== EXERCISE DETAILS ==
Skip the images and print the listing exactly.
***** INFORMATION SUPPLIED
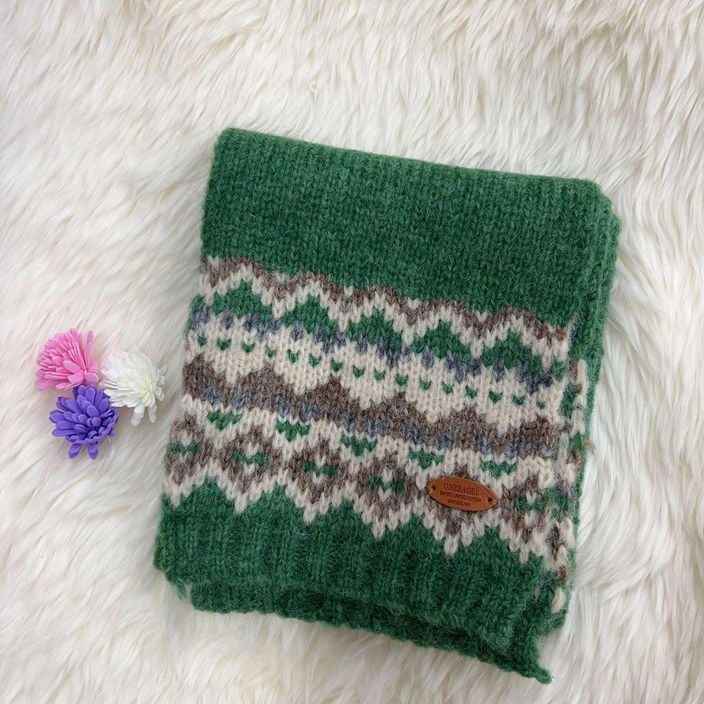 2024 Fair Isle Grüner Strickschal: Winter Koreanischer Stil, Weihnachtsatmosphäre, Dicker & Warmer Nackenwärmer für Männer & Frauen
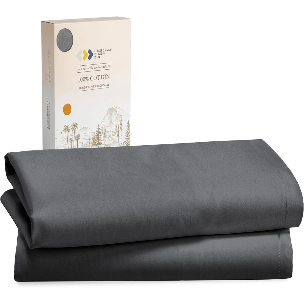 California Design Den Standard Queen Size Pillowcases – 100% Cotton, Set of 2 Soft & Cooling Sateen Weave Cases, Fits Queen and Standard Size Pillows – Bright White(04 – Dark Grey)
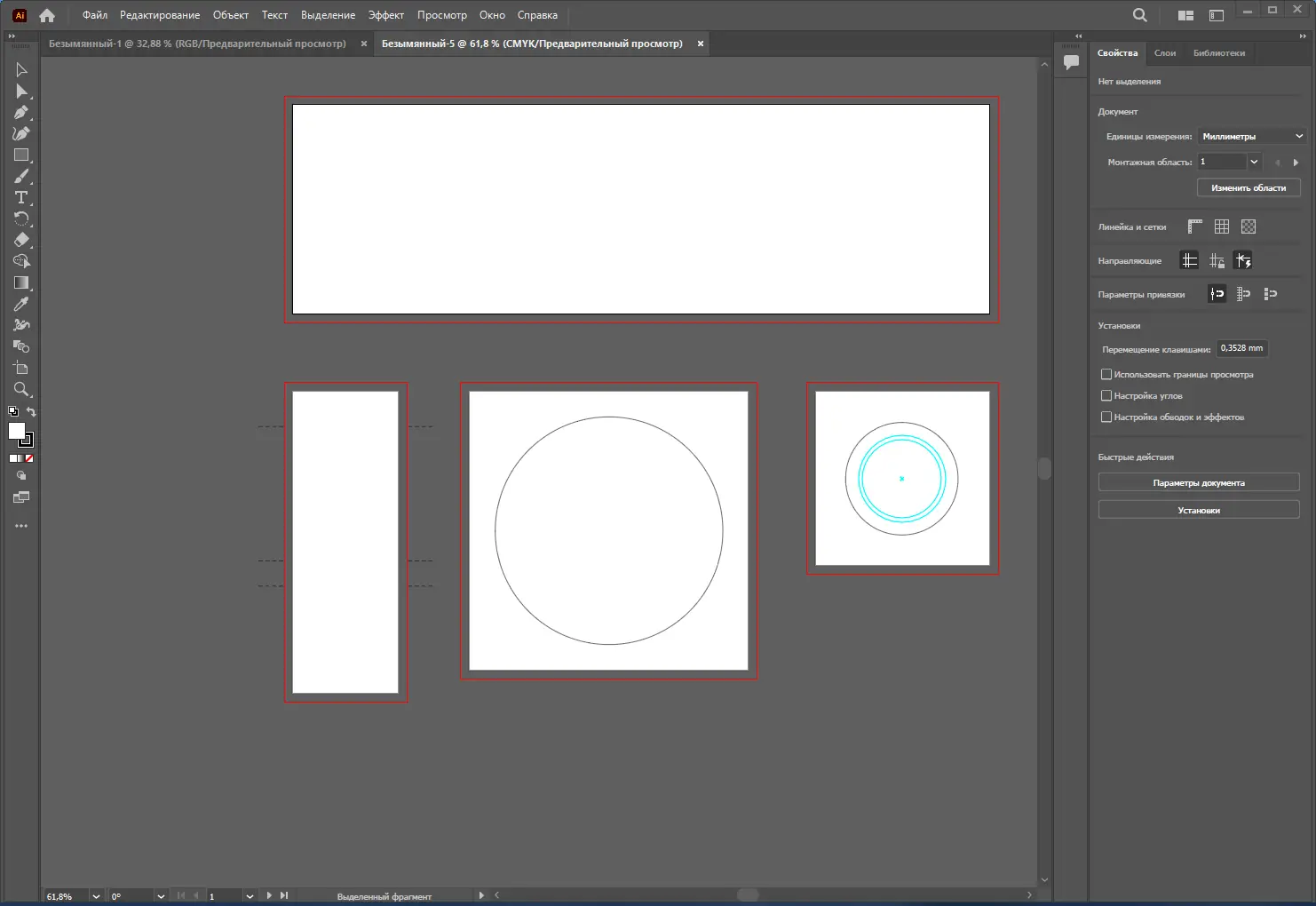 - Поддержка нескольких монтажных областей упрощает организацию макетов, особенно при разработке интерфейсов или серийных изделий, таких как визитки, баннеры или иконки.
**********
== OUTPUT OF THE TASK ==
 2024 Fair Isle Grüner Strickschal: Winter Koreanischer Stil, Weihnachtsatmosphäre, Dicker & Warmer Nackenwärmer für Männer & Frauen
 California Design Den Standard Queen Size Pillowcases – 100% Cotton, Set of 2 Soft & Cooling Sateen Weave Cases, Fits Queen and Standard Size Pillows – Bright White(04 – Dark Grey)
 - Поддержка нескольких монтажных областей упрощает организацию макетов, особенно при разработке интерфейсов или серийных изделий, таких как визитки, баннеры или иконки.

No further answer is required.